On June 23, the referendum on a British withdrawal from the European Union (EU) won by a clear margin. Politicians and pundits have treated this as an unprecedented and earth-shaking decision. They have been giving various and quite contradictory explanations about the causes of this event and the consequences of this event for Great Britain and the rest of the world.
The first thing to note is that no legal decision to exit the EU has yet been taken. The referendum was, in legal terms, merely advisory. In order to withdraw from the EU, the British government must formally inform the EU that it is invoking Article 50 of the EU’s Lisbon Treaty, which is what provides the right and the mode of withdrawal. No one has ever invoked Article 50, so yes, it would be unprecedented. No one therefore can be sure how it would work in practice. While it seems most unlikely that any British government would ignore the referendum, strangely there has been no major British politician who seemed in a hurry to invoke Article 50, an action that would be irreversible.
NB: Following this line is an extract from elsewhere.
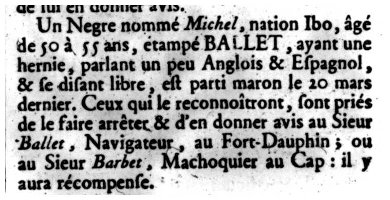 Un Negre nommé Michel, nation Ibo, âgé de 50 à 55 ans, étampé BALLET, ayant une hernier, parlant un peu Anglais & Espagnol, & se disant libre, est parti maron le 20 mars dernier. Ceux qui le reconnaîtront, sont priés de le faire arrêter & d'en donner avis au Sieur Ballet, Navigateur, au Fort-Dauphin ; ou au Sieur Barbet, Machoquier au Cap : il y aura récompense.

Prime Minister David Cameron, who campaigned against Brexit, has said it will not be he who invokes Article 50. Rather, he has announced his resignation as Prime Minister — however not immediately but when the Conservative Party chooses a new leader. Cameron believes this person should be the one who invokes Article 50. This seems on the surface to be sensible. Once Article 50 is invoked, there will be many issues about Great Britain’s future relations with the EU and with other countries that will have to be decided and it might be best that these decisions be made by his successor.
The first question therefore is who will be his successor and when will this person be chosen. There is considerable pressure from other countries in the EU that this succession be done as soon as possible. In response to this pressure, the Conservative Party has set the date as September 2. There were until June 29 two main candidates: Boris Johnson, a leading advocate of Brexit; and Theresa May, who opposed Brexit but who shares some part of the objectives of the supporters of Brexit. It is stunning to learn that Johnson actually expected to lose the vote and therefore did not prepare a political map for what he should do after the referendum.
It seemed that Johnson wanted to “negotiate” Britain’s withdrawal. Article 50 provides a two-year period for working out post-withdrawal arrangements. This seems to allow for such negotiations. It also says that, if no agreement is reached, the cutting of all ties is automatic. What Johnson apparently wanted was a deal in which Great Britain retained the advantages of a common market but would no longer be bound by the EU’s constraints on immigration and human rights. The other countries in the EU have been showing no sympathy for such an arrangement. As Germany’s quite conservative Finance Minister Wolfgang Schäuble said, they feel that “in is in and out is out.” Since “out” will have immediate negative consequences on the economic situation for most persons in Great Britain, and especially many of the supporters of Brexit, Johnson and others have been dragging their feet about invoking Article 50. This is probably what underlay Michael Gove’s last-minute decision to cease being Johnson’s campaign manager and to announce his own candidacy, backed immediately by most strong Brexit supporters. Gove, it seems, will not hesitate. Johnson has withdrawn his candidacy and is possibly quite relieved not to be the one who gets the blame for invoking Article 50.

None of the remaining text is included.